**Work instruction**
Transcribe the entries exactly. Start at the top, stop after the line with "Elegant Blue Floral", and omit every picture.

**Data shown**
+ + + + +
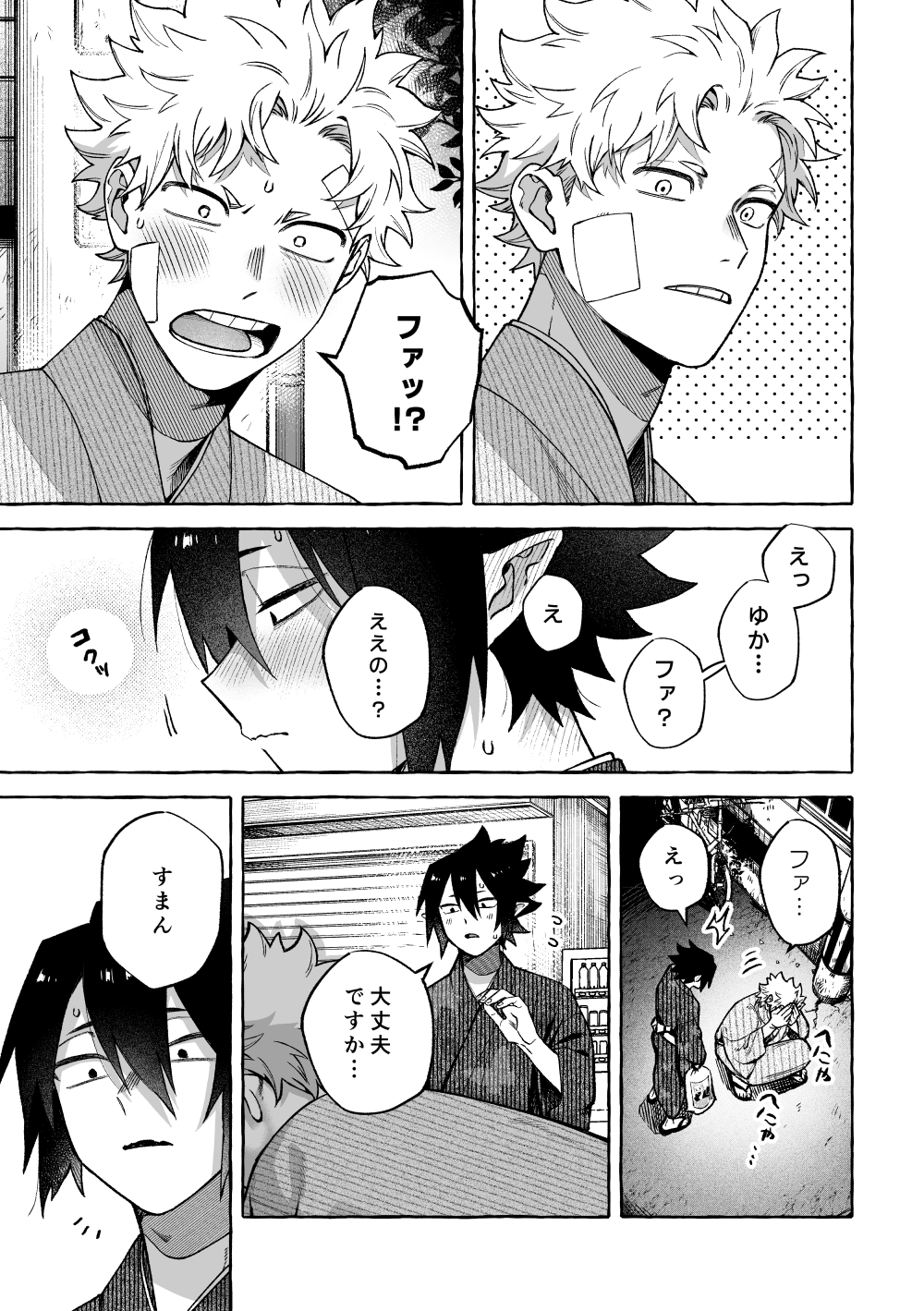 ファのサイドキックになって数年経ったころに環はそろそろ独立せえへんの?と聞かれ、(独立…?考えてなかったな)(そろそろした方がいいのか?ミリオはとっくにしてるし…)(なんで突然独立の話に?)(もしかしてサイドキックを減らす予定なのか…?)(ということは俺はクビ…?)などとぐるぐる考えた末苦しそうに「俺のこと、もう必要ないですか…」なんて飛躍しすぎたこと言い出すからどうしたどうしたとヨシヨシタイムがはじまるファ環… これでも出会った頃よりだいぶメンタル強くなってる方…萌えです… メモ 2024/08/05(Mon) 02:59:43 favorite
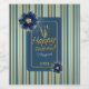 Elegant Blue Floral Gold Streifen Happy Birthday Weinetikett
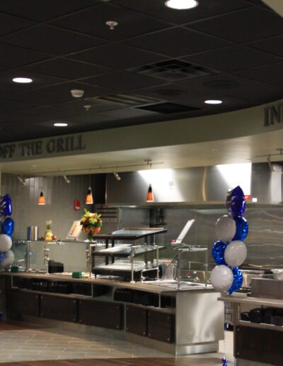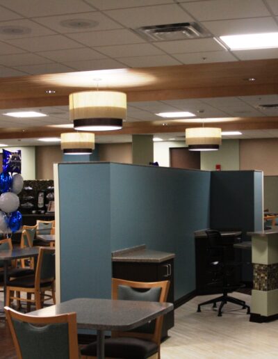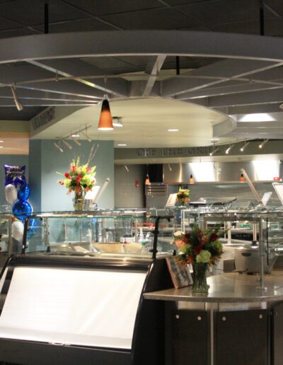 Renovation of the servery space at HealthPark Medical Center required the entire area to be redesigned for more efficient serving lines all well as upgrading furniture and fixtures to provide a more upscale dining experience.
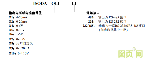 選型舉例 2: 型號(hào):ISODA O4-232 表示 0-5V 信號(hào)輸出,輸出為 RS-232 接口
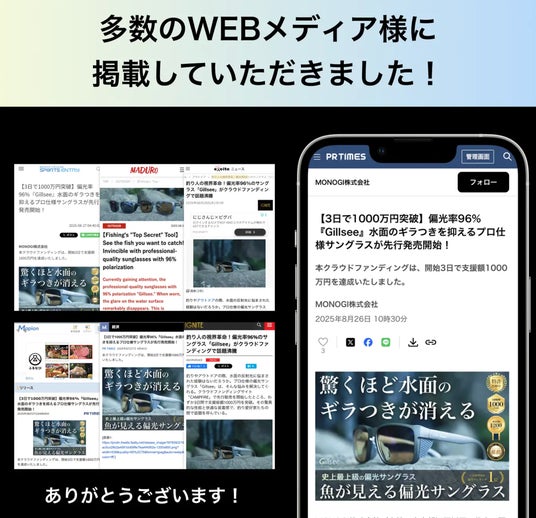 「クラファン3日で1,000万円突破」──釣り×アウトドア愛好者必見の高性能偏光サングラスとして掲載。反射を抑え、紫外線99.9%カットの高性能レンズ設計に注目が集まりました。
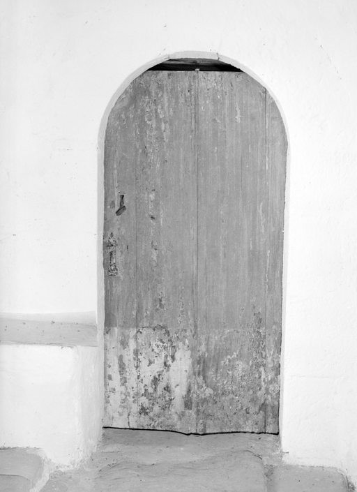 4 planches jointives ; 2 traverses au revers assemblées par enfourchement dans le montant pivot ; clef en fer forgé à tige bénarde ; entrée de serrure et poignée d'un seul tenant.
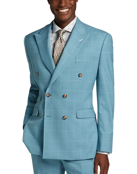 - 52% wool 46% polyester 2% spandex|Double-breasted closure|Peak lapel|Side vents|Pick-stitch details|Classic Fit|Tayion|
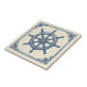 esta baldosa de cerámica tiene una rueda de capitán de estilo vintage en azul sobre blanco roto con un borde azul elegante. Imagen generada con IA.
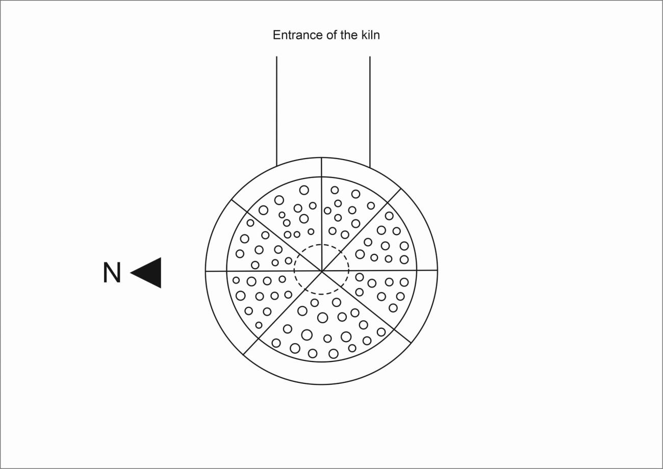 Our perforated floor was made with finely sieved local clay mixed with 30% of coarse building sand rich in quartz to produce a refractory clay body that could withstand thermal expansions and contractions due to heat and flame contact. We carefully kneaded big clay loaves to remove air pockets and, after having dampened them, we modelled each portion by sticking them together starting from the centre towards the external part. We placed a wooden stick at the centre of the working table and used a rotating cord to measure the radius of each module and, thus, the diameter of the entire floor (See Figure 6). We smoothed the surface of each portion and made the vent holes with a rod. The holes were between ca. 0.06 m and 0.08 m on the external edge to achieve a more homogeneous temperature across the firing chamber (See Figure 7). The holes, besides allowing the draft and the heat to reach the firing chamber, facilitated the drying of the clay body and helped avoid cracks and explosions in the platform during the firing.
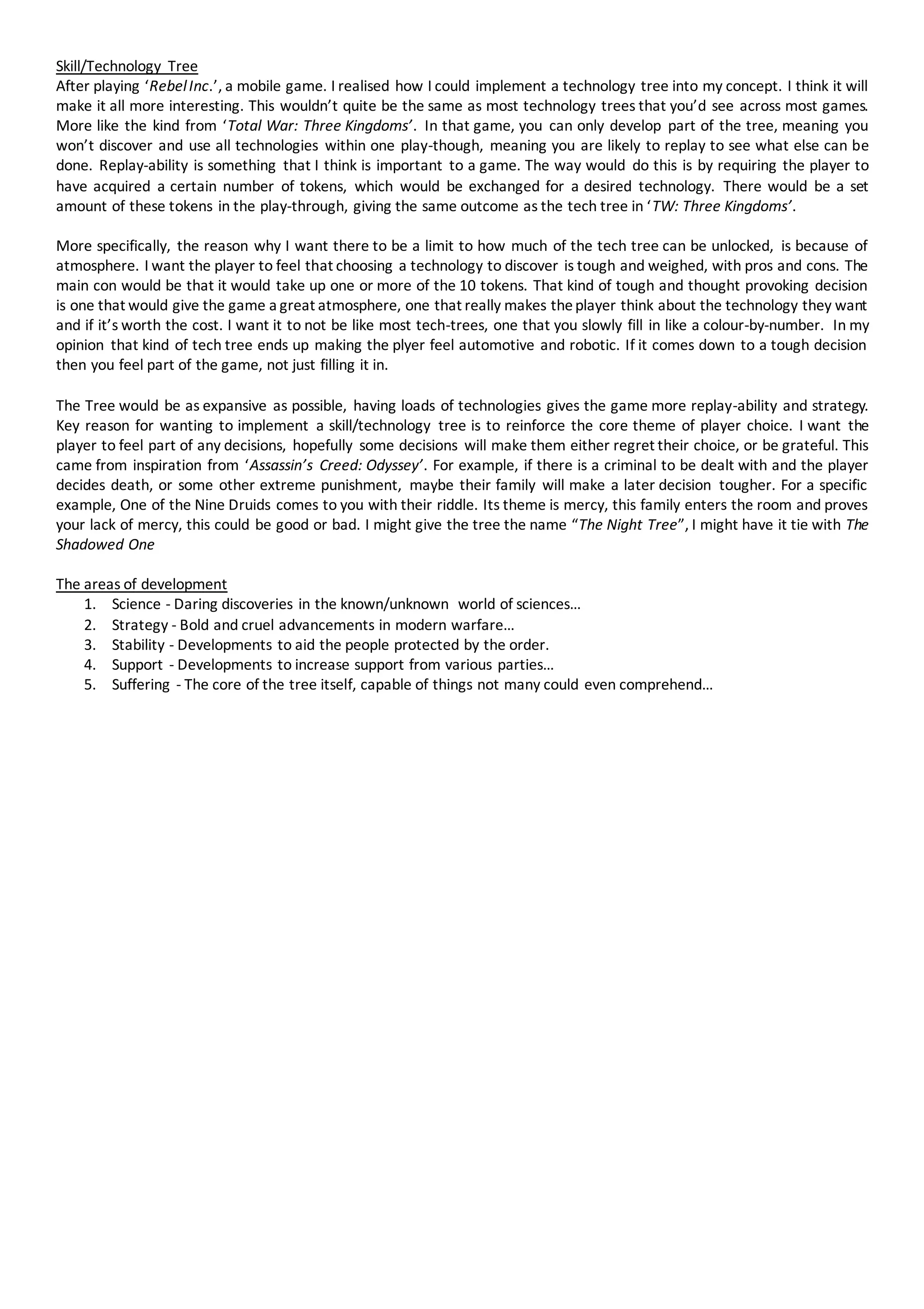 The document discusses implementing a skill/technology tree in a game concept. It would require the player to acquire a limited number of tokens to unlock parts of the expansive tree, similar to Total War: Three Kingdoms. This would force difficult choices in which technologies to pursue, reinforcing the theme of player choice and creating lasting consequences. Unlocking technologies could both help and hinder the player's progress, improving replayability and atmosphere by making decisions more impactful. The tree would be called the Night Tree and focus development in areas like science, strategy, stability, support, and suffering.
+ + + + +
**Answer box**
 ファのサイドキックになって数年経ったころに環はそろそろ独立せえへんの?と聞かれ、(独立…?考えてなかったな)(そろそろした方がいいのか?ミリオはとっくにしてるし…)(なんで突然独立の話に?)(もしかしてサイドキックを減らす予定なのか…?)(ということは俺はクビ…?)などとぐるぐる考えた末苦しそうに「俺のこと、もう必要ないですか…」なんて飛躍しすぎたこと言い出すからどうしたどうしたとヨシヨシタイムがはじまるファ環… これでも出会った頃よりだいぶメンタル強くなってる方…萌えです… メモ 2024/08/05(Mon) 02:59:43 favorite
 Elegant Blue Floral Gold Streifen Happy Birthday Weinetikett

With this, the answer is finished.